» **ABOUT THIS TASK**
Only the text belongs in the copy: repeat each record exactly, without pictures.

Data excerpts:

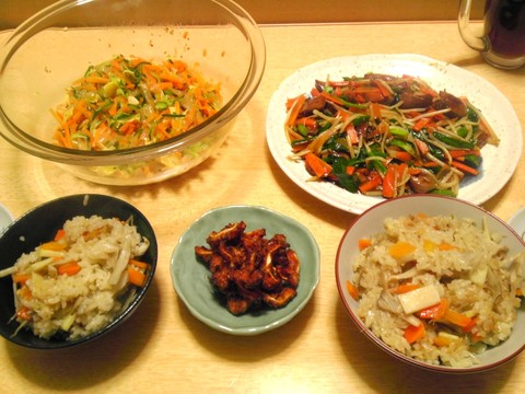 本日のメニューは、タケノコご飯、レバニラ炒め、タケノコ入り中華クラゲサラダ、豚のウチワの唐揚げ塩麹味です。
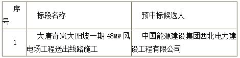 大唐岢岚大阳坡一期48MW风电场工程送出线路施工招标中标公示
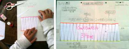 円を長方形に変身させ、長方形の面積を求めることから、公式を導きだしました。
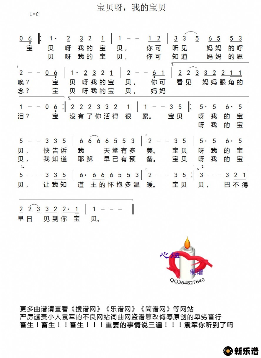 《宝贝呀 我的宝贝》简谱 佚名-心烛制谱
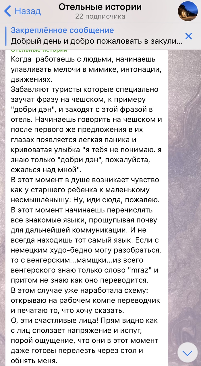 Пп: х*емес, лять… когда он из командировки возвращается, я уже даже немного расстраиваюсь. Опять по струнке ходить, и все прихоти выполнять. Кстати! Ооо! Ща прекрасное расскажу!
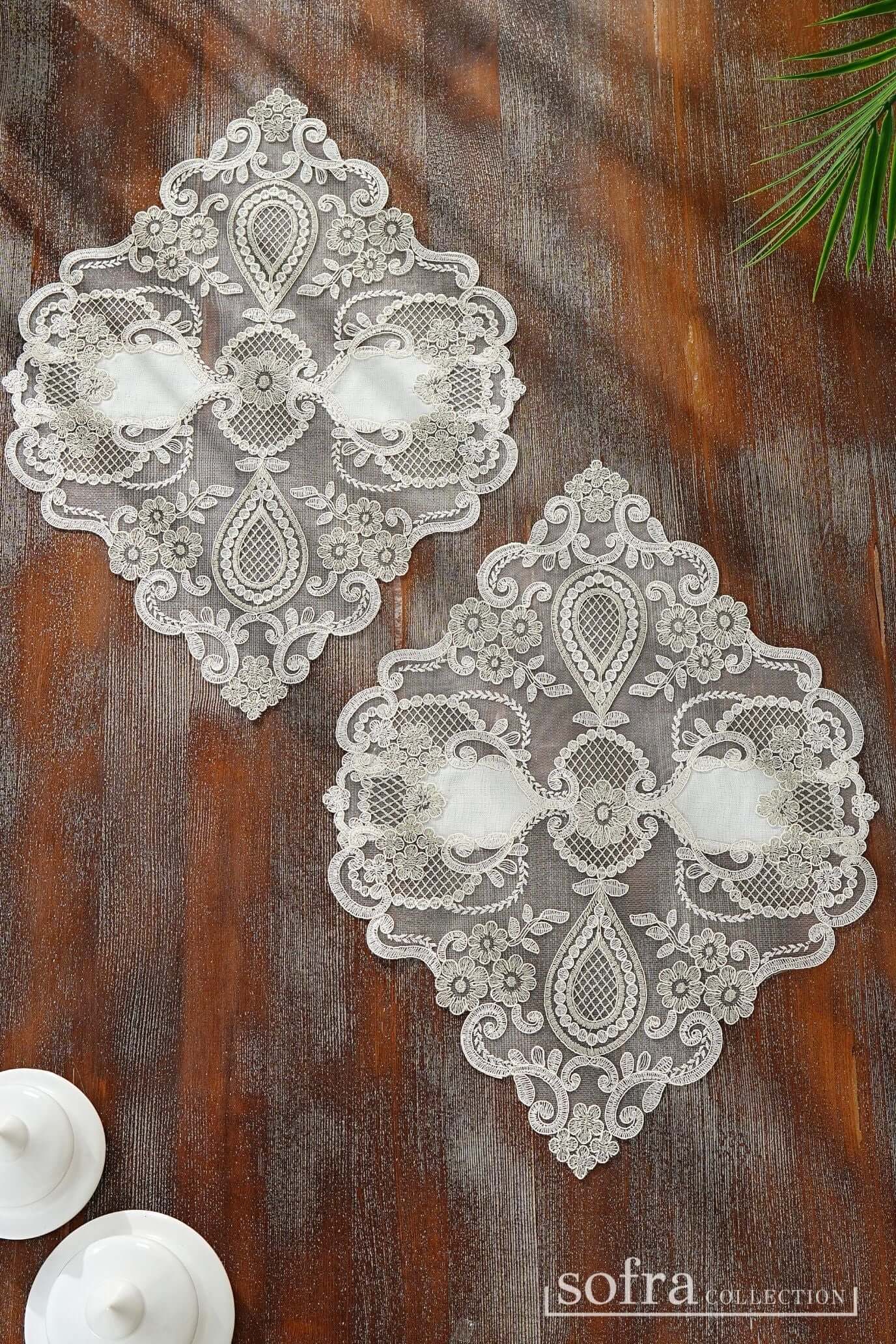 مفرشان للطاولات الجانبية : قطعتان – مقاس ٥٧ × ٥٧ سم
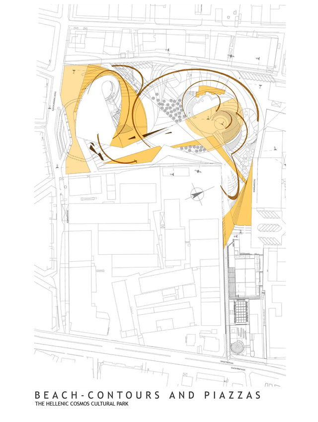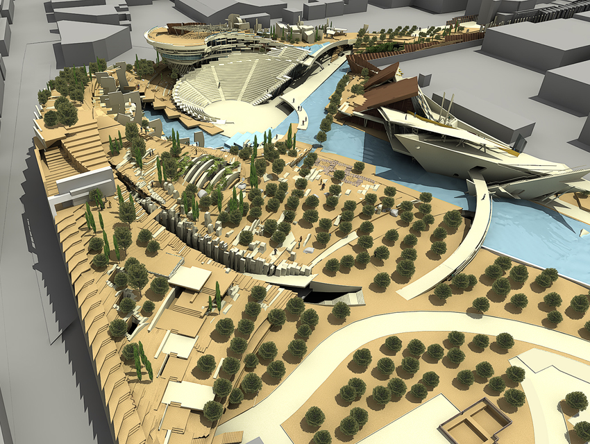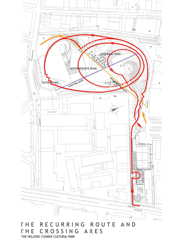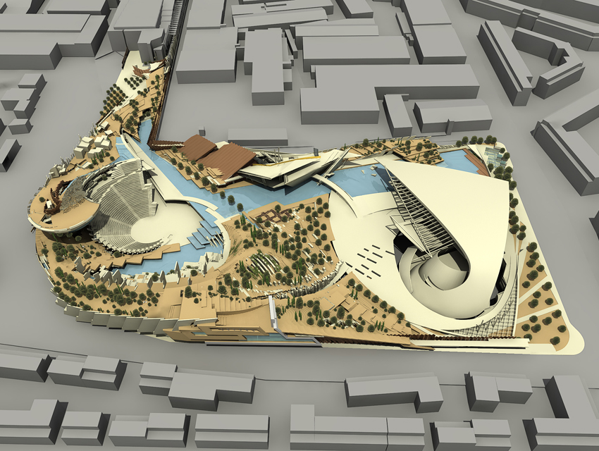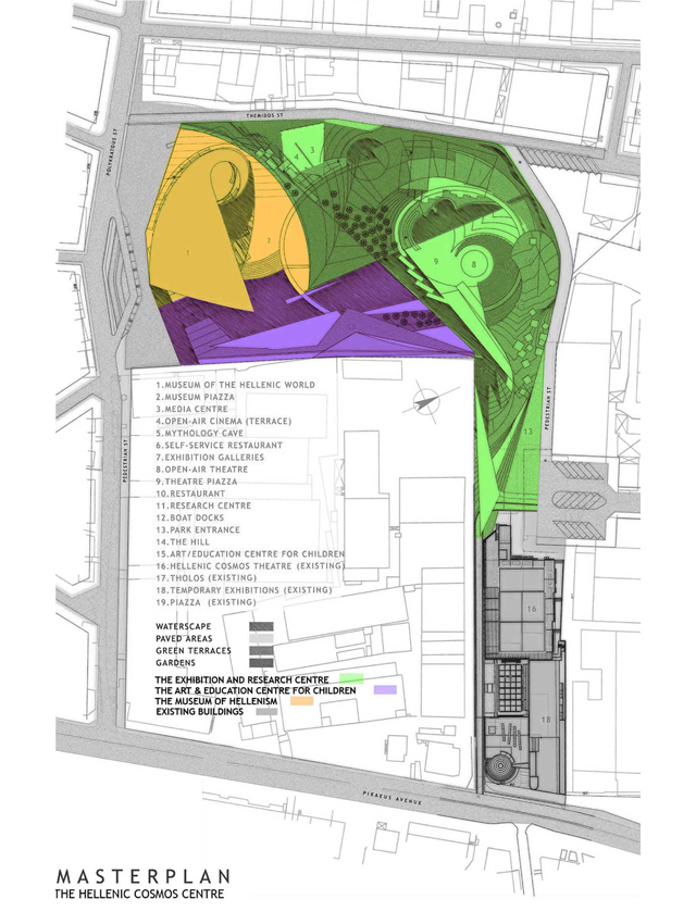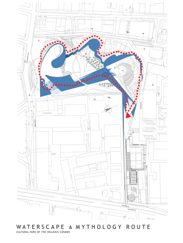 The complexes are aimed at cultural and educational orientation by means of communicational and interactive presentations and events. As such, the designed buildings are not static objects existing merely to accommodate specific functional programs, but living organisms that participate in and promote the highly set quality targets of the complex. The general design concept is based on the blending of boundaries between landscape and building, as well as between local and urban scales. The concept subverts static idealizations and vacant symbolism as regards history. Instead, it approaches history and myth as vivid, inspirational elements, embodied in everyday existence: elements powerful enough to give rise to multifarious spatial and urban contextualizations. The guiding design principle arises from the organic relationship of Greek history and mythology with Greece’s living, breathing landscapes. Within this project, this principle extends to encompass instrumental and educational features.

» **YOUR SOLUTION**
 本日のメニューは、タケノコご飯、レバニラ炒め、タケノコ入り中華クラゲサラダ、豚のウチワの唐揚げ塩麹味です。
 大唐岢岚大阳坡一期48MW风电场工程送出线路施工招标中标公示
 円を長方形に変身させ、長方形の面積を求めることから、公式を導きだしました。
 《宝贝呀 我的宝贝》简谱 佚名-心烛制谱
 Пп: х*емес, лять… когда он из командировки возвращается, я уже даже немного расстраиваюсь. Опять по струнке ходить, и все прихоти выполнять. Кстати! Ооо! Ща прекрасное расскажу!
 مفرشان للطاولات الجانبية : قطعتان – مقاس ٥٧ × ٥٧ سم
 The complexes are aimed at cultural and educational orientation by means of communicational and interactive presentations and events. As such, the designed buildings are not static objects existing merely to accommodate specific functional programs, but living organisms that participate in and promote the highly set quality targets of the complex. The general design concept is based on the blending of boundaries between landscape and building, as well as between local and urban scales. The concept subverts static idealizations and vacant symbolism as regards history. Instead, it approaches history and myth as vivid, inspirational elements, embodied in everyday existence: elements powerful enough to give rise to multifarious spatial and urban contextualizations. The guiding design principle arises from the organic relationship of Greek history and mythology with Greece’s living, breathing landscapes. Within this project, this principle extends to encompass instrumental and educational features.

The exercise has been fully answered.